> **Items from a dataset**

* * * * *

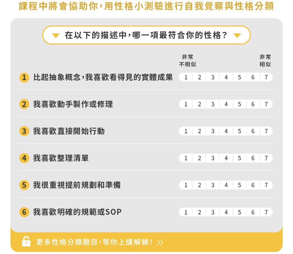 實際的調整項目,在課程中結合六大職業興趣的角色特質,都會有更完整舉例!
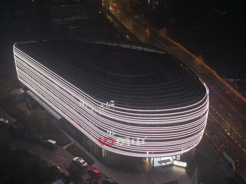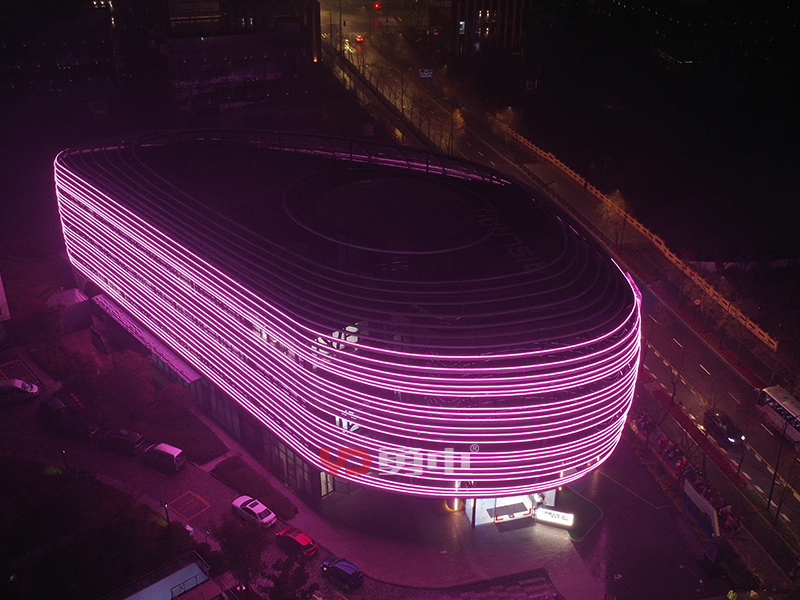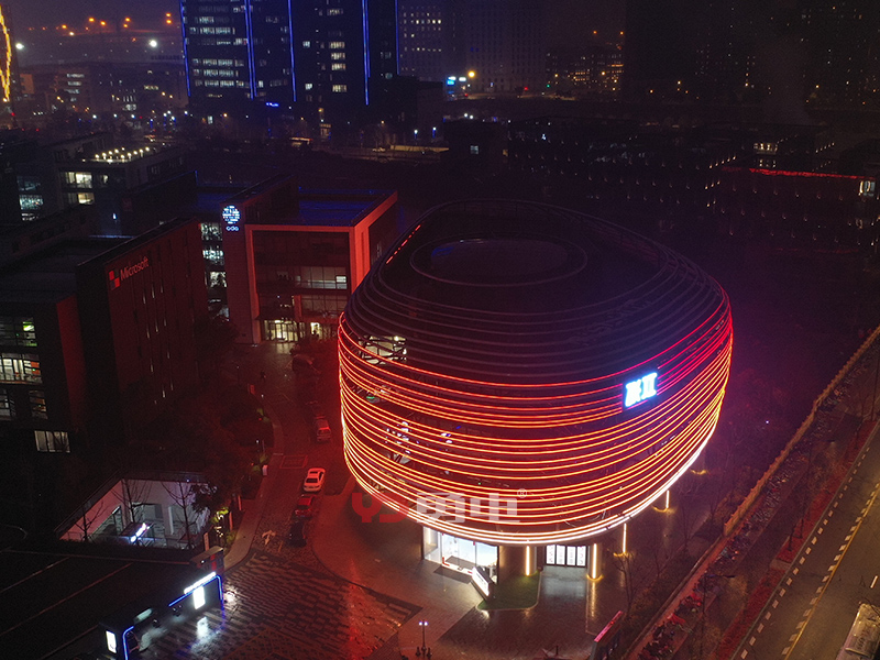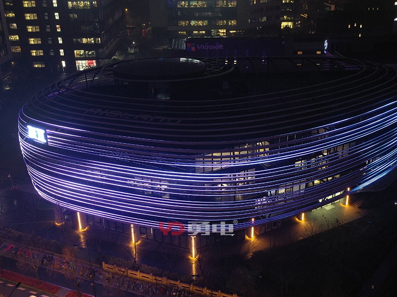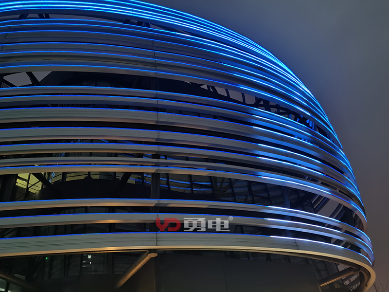 該項目照明主體為張江人工智能展廳,樓體外型充滿未來科技感,建筑樓高23米,樓周長185米,采用勇電二次封裝LED線條燈,用線強調(diào)建筑的輪廓,將環(huán)形立面刻畫出新形態(tài),豐富建筑肌理,讓建筑在夜間充滿活力!
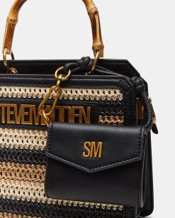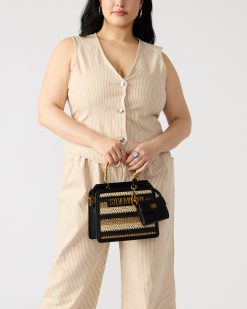 Expertly crafted from straw materials. the EVELYN BEACHY bamboo top-handle bag combines style and functionality. Its structured design features multiple compartments and a zipper closure for easy organization. while the removable snap closure mini bag charm adds a touch of personality. With a detachable crossbody strap. this bag is versatile and perfect for everyday use.
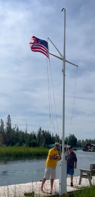 When displaying the U.S. flag on a gaff-rigged flagpole, the flag should be flown from the peak of the gaff, which is the spar extending aft from the mast, not from the top of the mast itself. This positioning is in line with naval traditions where the gaff represents the aft-most point of the vessel and is considered the position of highest honor for the national ensign.
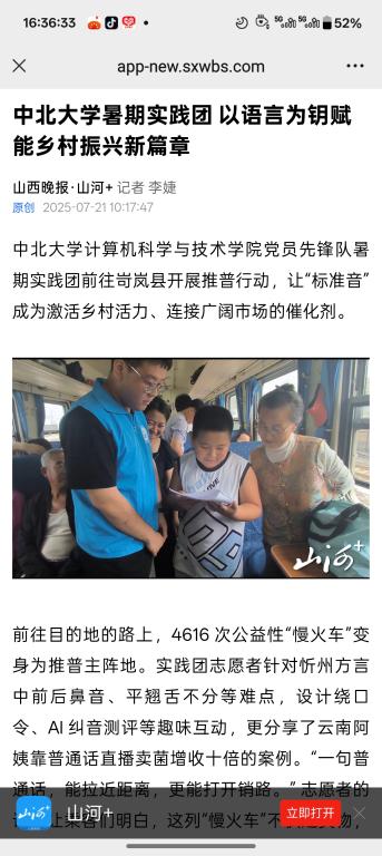 中北大学计算机科学与技术学院党员先锋队暑期实践团前往岢岚县开展推普行动,让“标准音”成为激活乡村活力、连接广阔市场的催化剂。
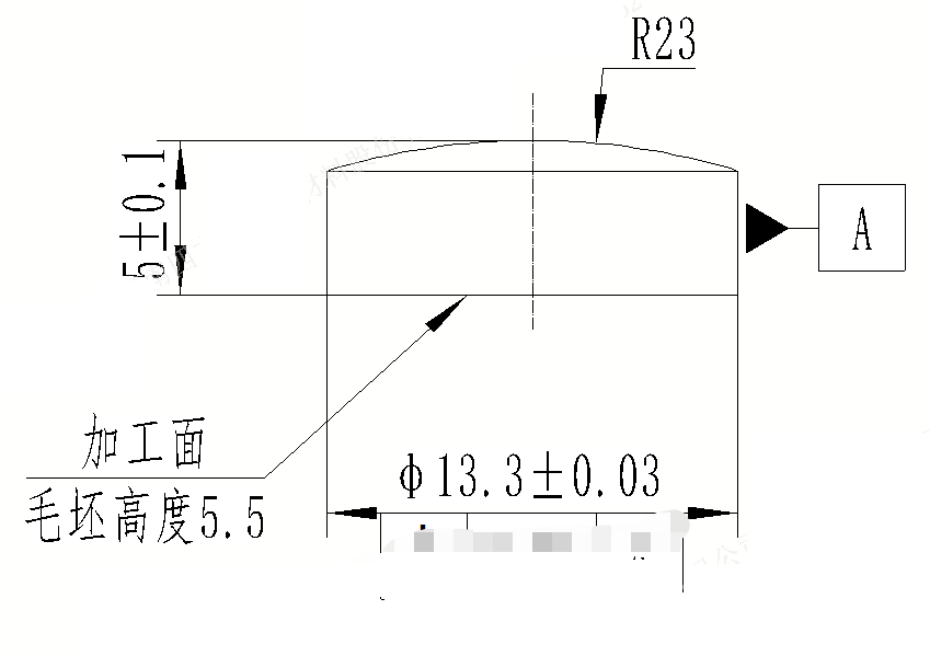 產(chǎn)品是合金,沒有磁性。 加工面同圓柱面A,垂直度<0.3。
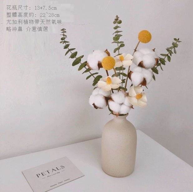 新款幹花花瓶擺件(粗陶花瓶 姜茶尤加利)
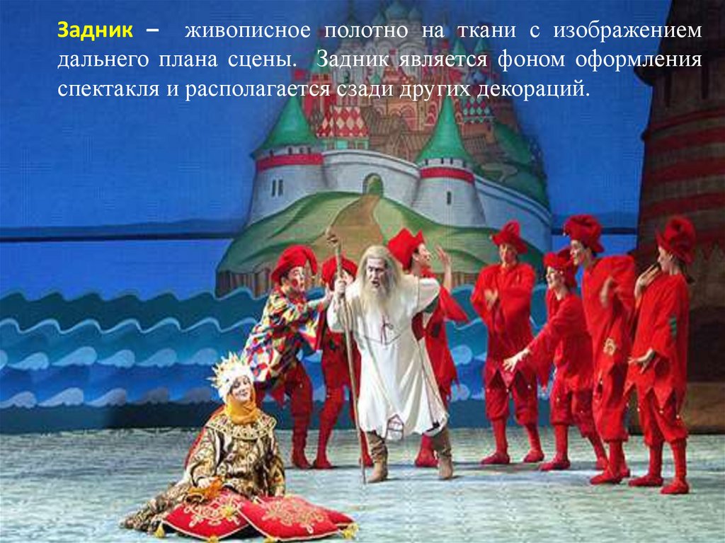 Задник – живописное полотно на ткани с изображениемдальнего плана сцены. Задник является фоном оформления
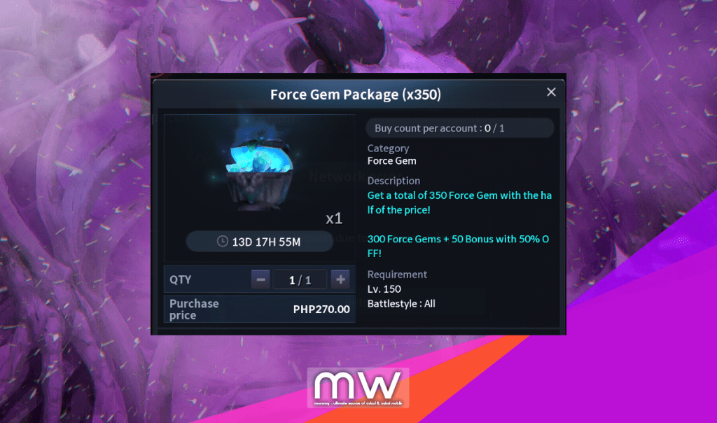 - 50% FG purchase / Giảm giá 50% Force Gem
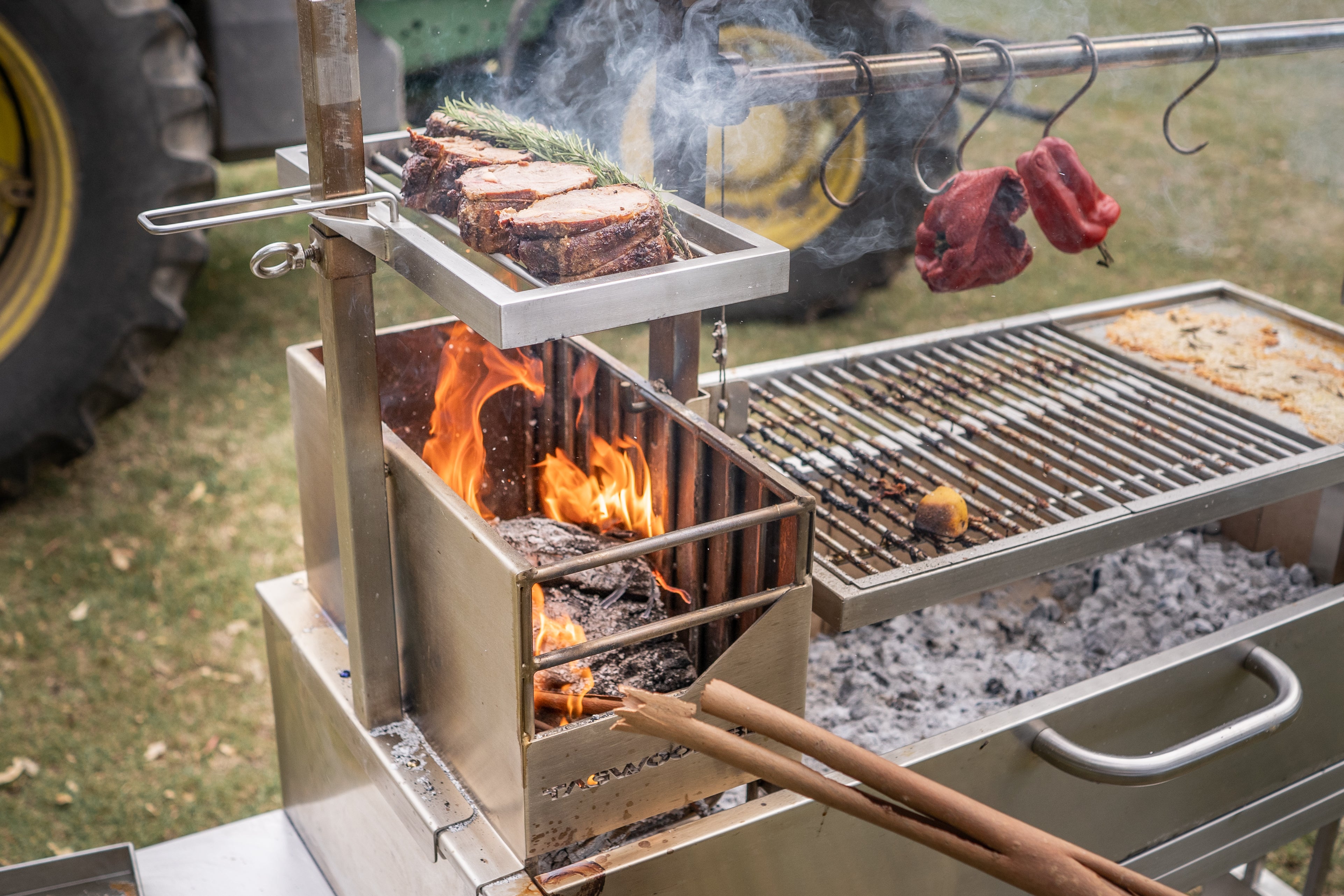 The firebox, also known as a brasero, streamlines the process of lighting wood or charcoal, making it faster and requiring less effort. It ensures the fire stays lit and keeps it distanced from the food. Whether you prefer firewood, charcoal, or a mix of both, this feature accommodates your grilling style. For optimal results, lump charcoal and firewood come highly recommended. Once the coals are adequately heated, they simply drop below, offering a straightforward and effective way to ignite the fire and grill in the authentic style of a gaucho.
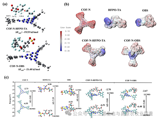 图2. HFPO-TA和OBS在COF-N侧链上的结合能(a),不同结构单元及吸附复合物的ESP 映射图(b),不同结构单元及吸附复合物的HOMO和LUMO图(c)
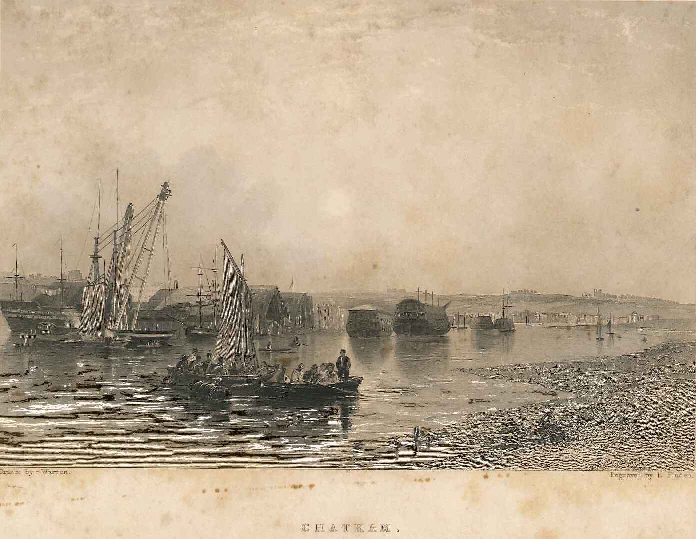 - DescriptionPrint of a view of the River Medway at Chatham; shows two rowing boats with sailors & civilians, various Navy vessels & sheds beyond. Light overall foxing. Pencil note on reverse, "from Findens Views continued(?) by W H Bartlett revised & Ed by W Beattie MD(?) in quarterly parts price 11s London Geo Virtue & Co 1839''

* * * * *

> **Problem requirements**
Restate word for word the lines that begin at the one containing "中北大学计算机科学与技术学院" and end with the final line of the records. Pictures stay out.

> **Reply to the exercise**
 中北大学计算机科学与技术学院党员先锋队暑期实践团前往岢岚县开展推普行动,让“标准音”成为激活乡村活力、连接广阔市场的催化剂。
 產(chǎn)品是合金,沒有磁性。 加工面同圓柱面A,垂直度<0.3。
 新款幹花花瓶擺件(粗陶花瓶 姜茶尤加利)
 Задник – живописное полотно на ткани с изображениемдальнего плана сцены. Задник является фоном оформления
 - 50% FG purchase / Giảm giá 50% Force Gem
 The firebox, also known as a brasero, streamlines the process of lighting wood or charcoal, making it faster and requiring less effort. It ensures the fire stays lit and keeps it distanced from the food. Whether you prefer firewood, charcoal, or a mix of both, this feature accommodates your grilling style. For optimal results, lump charcoal and firewood come highly recommended. Once the coals are adequately heated, they simply drop below, offering a straightforward and effective way to ignite the fire and grill in the authentic style of a gaucho.
 图2. HFPO-TA和OBS在COF-N侧链上的结合能(a),不同结构单元及吸附复合物的ESP 映射图(b),不同结构单元及吸附复合物的HOMO和LUMO图(c)
 - DescriptionPrint of a view of the River Medway at Chatham; shows two rowing boats with sailors & civilians, various Navy vessels & sheds beyond. Light overall foxing. Pencil note on reverse, "from Findens Views continued(?) by W H Bartlett revised & Ed by W Beattie MD(?) in quarterly parts price 11s London Geo Virtue & Co 1839''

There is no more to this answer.